- WHAT YOU ARE ASKED TO DO:
Please output the records below in full, exactly as given, but without the images.
--- --- ---
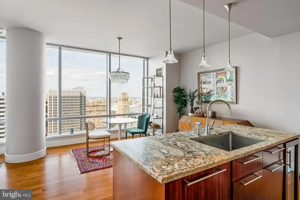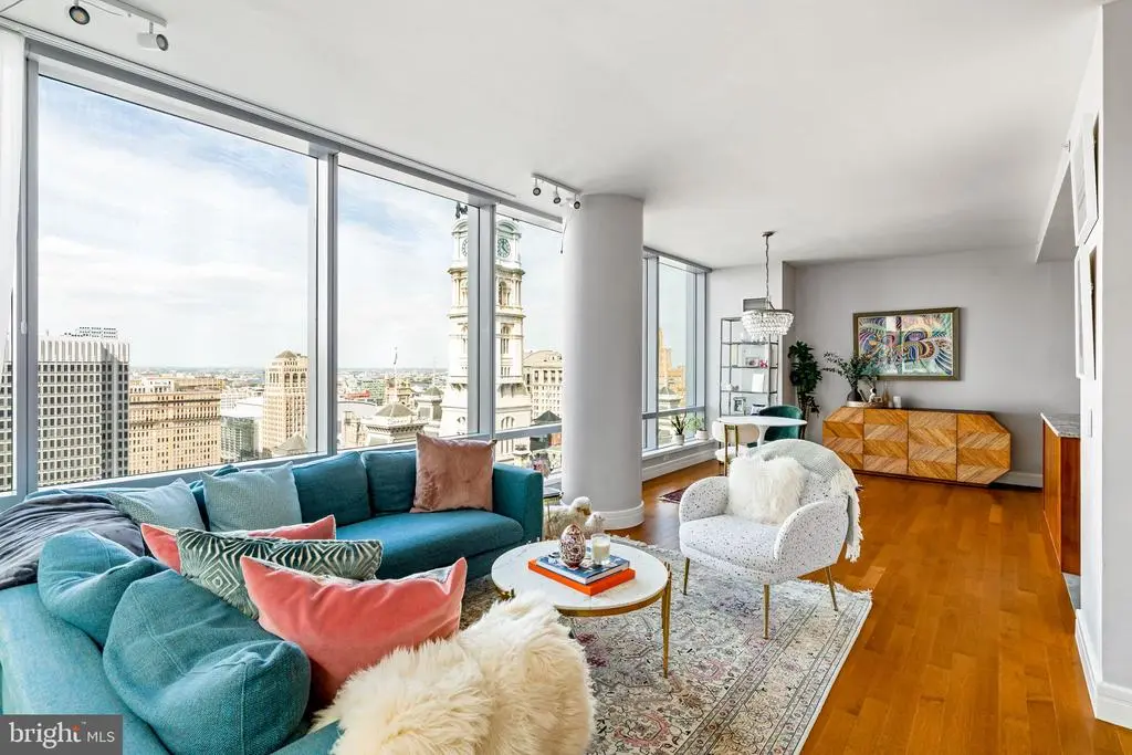 RITZ CARLTON Renovated corner 2 bedroom, 2.5 bath extraordinarily well maintained residence featuring 1645 square feet with some of the most incredible sunsets, skyline, and City Hall views you won't find anywhere else. In this renovated spacious residence, you have unobstructed views of City Hall, Two Liberty, the ever-evolving Philadelphia skyline, and gorgeous sunsets. This unit also includes custom built-in cabinetry with gas fireplace, floor to ceiling operable windows in every room (a unique feature in Center City), soaring ceilings, gorgeous new maple hardwood flooring throughout, a designer kitchen featuring Sefina cabinetry, leathered granite island, updated backsplash, Viking built-in gas cooking and microwave, Sub-Zero refrigerator, Miele dishwasher, Uline wine cooler, Dornbracht fixtures. The primary suite features incredible City Hall views from bed, custom built-in cabinetry to optimize storage, an en-suite with Calacatta marble floors and countertops, double vessel sinks, Bain ultra-soaking tub, Duravit commode, and a separate stall shower with a frameless glass enclosure. The Ritz-Carlton Residences is genuinely the finest white-glove building Philadelphia offers in Center City living. You will have access to a resident-only Mercedes make getting around town a delight. If you prefer walking, are mere steps to the best restaurants, shops, and parks. World-class amenities found at the Ritz-Carlton Residences Philadelphia include a state-of-the-art fitness facility overlooking City Hall & Dilworth Plaza, an indoor pool, spa, locker rooms, sauna, private Yoga room, and brand new Resident Lounge with brand new outdoor lounge/dining/kitchen and unbelievable theater room. This building is pet-friendly with a brand new on-site dog park.
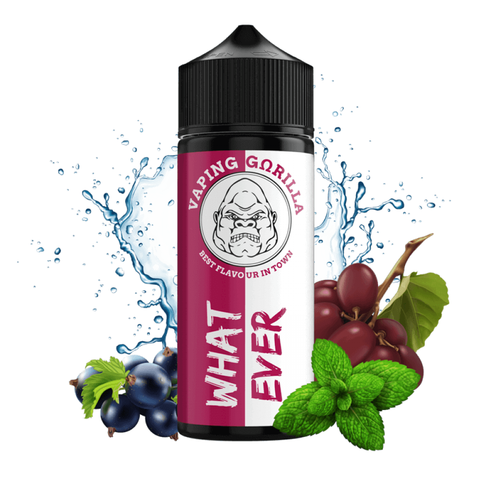 Sind wir mal ehrlich: Irgendwie wird fast alles lecker, wenn man es mit schwarzen Johannisbeeren mischt. Trotzdem kommen wir nicht umhin, Vaping Gorilla für ihr "What Ever" ein dickes Lob auszusprechen. Hier trifft die allseits beliebte Johannisbeere (oder auch Cassis genannt) nämlich auf wunderbar süße Weintrauben und einen leichten Frischekick durch etwas Minze.
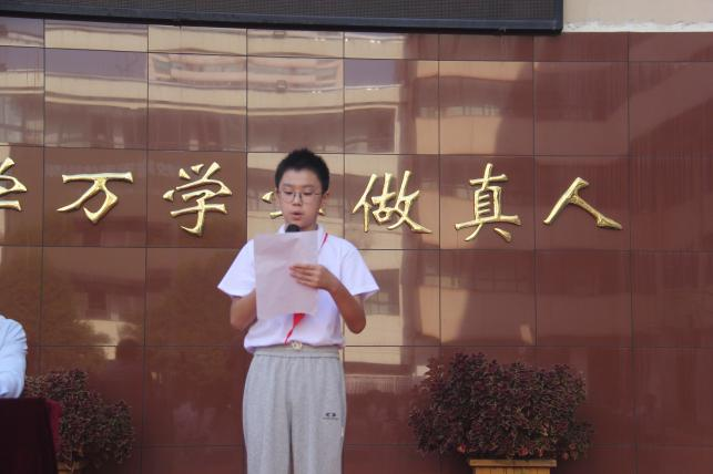 随后,七二班学生代表郑嘉铭昂首登台,发表了振奋人心的讲话;七一班学生代表申昊瀚领誓,带领全体同学举起右拳,庄严宣誓。
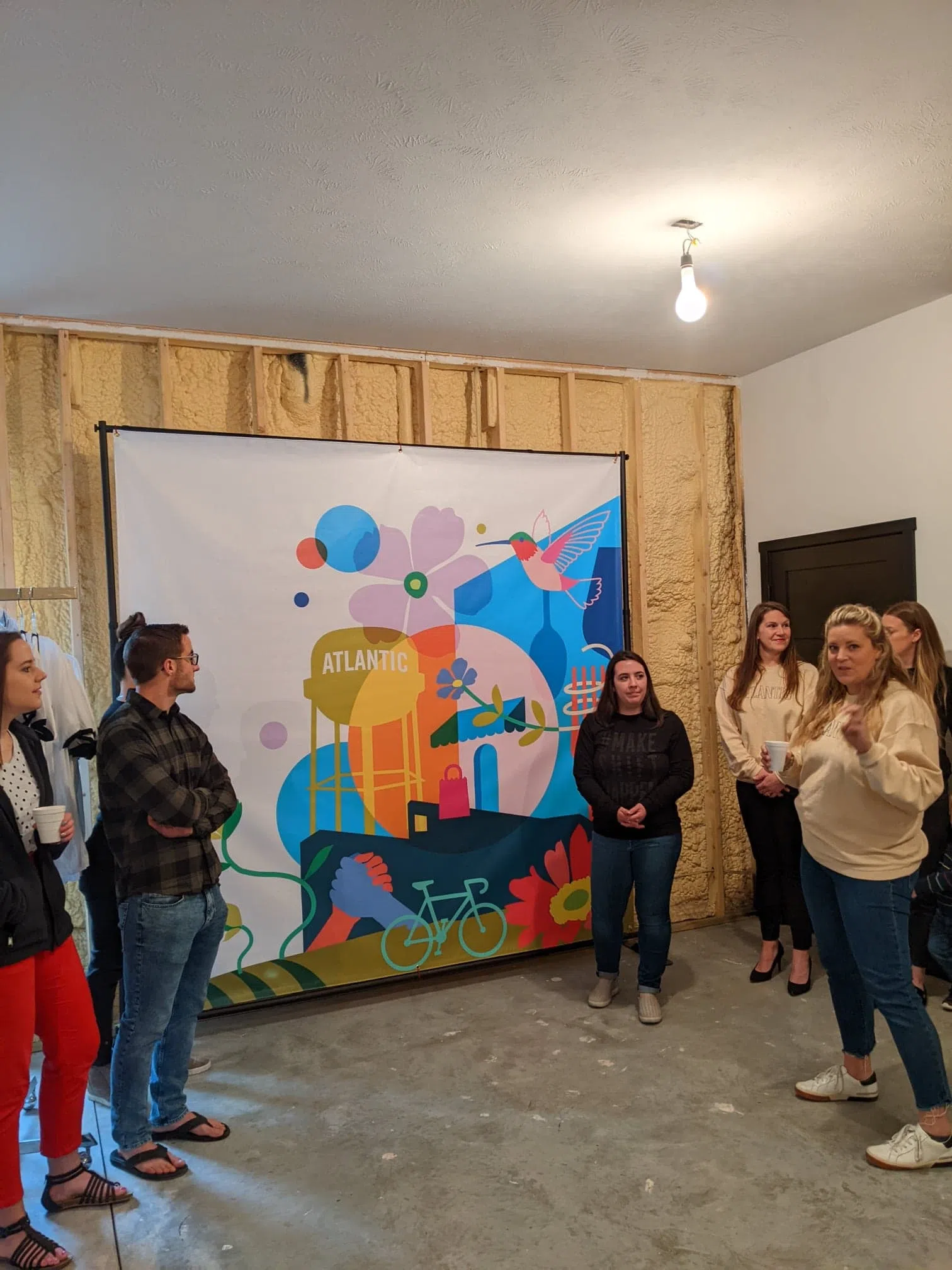 (Atlantic) The Atlantic Area Chamber of Commerce Ambassadors held a ribbon cutting this morning for SHIFT ATL’s Airbnb space in the upper story of the old Telegraph building.
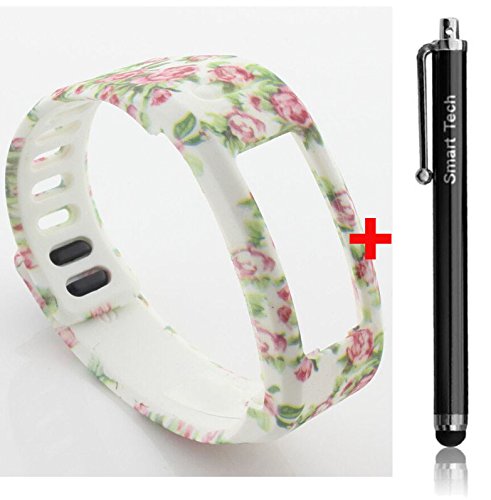 Smart Tech Store Roses Flowers White Replacement Band With Clasp for Garmin Vivofit Only /No tracker/ Wireless Activity Bracelet Sport Wrist band Garmin Vivo fit Bracelet Sport Arm Band Armband
--- --- ---
- SOLUTION FOR THIS PROBLEM:
 RITZ CARLTON Renovated corner 2 bedroom, 2.5 bath extraordinarily well maintained residence featuring 1645 square feet with some of the most incredible sunsets, skyline, and City Hall views you won't find anywhere else. In this renovated spacious residence, you have unobstructed views of City Hall, Two Liberty, the ever-evolving Philadelphia skyline, and gorgeous sunsets. This unit also includes custom built-in cabinetry with gas fireplace, floor to ceiling operable windows in every room (a unique feature in Center City), soaring ceilings, gorgeous new maple hardwood flooring throughout, a designer kitchen featuring Sefina cabinetry, leathered granite island, updated backsplash, Viking built-in gas cooking and microwave, Sub-Zero refrigerator, Miele dishwasher, Uline wine cooler, Dornbracht fixtures. The primary suite features incredible City Hall views from bed, custom built-in cabinetry to optimize storage, an en-suite with Calacatta marble floors and countertops, double vessel sinks, Bain ultra-soaking tub, Duravit commode, and a separate stall shower with a frameless glass enclosure. The Ritz-Carlton Residences is genuinely the finest white-glove building Philadelphia offers in Center City living. You will have access to a resident-only Mercedes make getting around town a delight. If you prefer walking, are mere steps to the best restaurants, shops, and parks. World-class amenities found at the Ritz-Carlton Residences Philadelphia include a state-of-the-art fitness facility overlooking City Hall & Dilworth Plaza, an indoor pool, spa, locker rooms, sauna, private Yoga room, and brand new Resident Lounge with brand new outdoor lounge/dining/kitchen and unbelievable theater room. This building is pet-friendly with a brand new on-site dog park.
 Sind wir mal ehrlich: Irgendwie wird fast alles lecker, wenn man es mit schwarzen Johannisbeeren mischt. Trotzdem kommen wir nicht umhin, Vaping Gorilla für ihr "What Ever" ein dickes Lob auszusprechen. Hier trifft die allseits beliebte Johannisbeere (oder auch Cassis genannt) nämlich auf wunderbar süße Weintrauben und einen leichten Frischekick durch etwas Minze.
 随后,七二班学生代表郑嘉铭昂首登台,发表了振奋人心的讲话;七一班学生代表申昊瀚领誓,带领全体同学举起右拳,庄严宣誓。
 (Atlantic) The Atlantic Area Chamber of Commerce Ambassadors held a ribbon cutting this morning for SHIFT ATL’s Airbnb space in the upper story of the old Telegraph building.
 Smart Tech Store Roses Flowers White Replacement Band With Clasp for Garmin Vivofit Only /No tracker/ Wireless Activity Bracelet Sport Wrist band Garmin Vivo fit Bracelet Sport Arm Band Armband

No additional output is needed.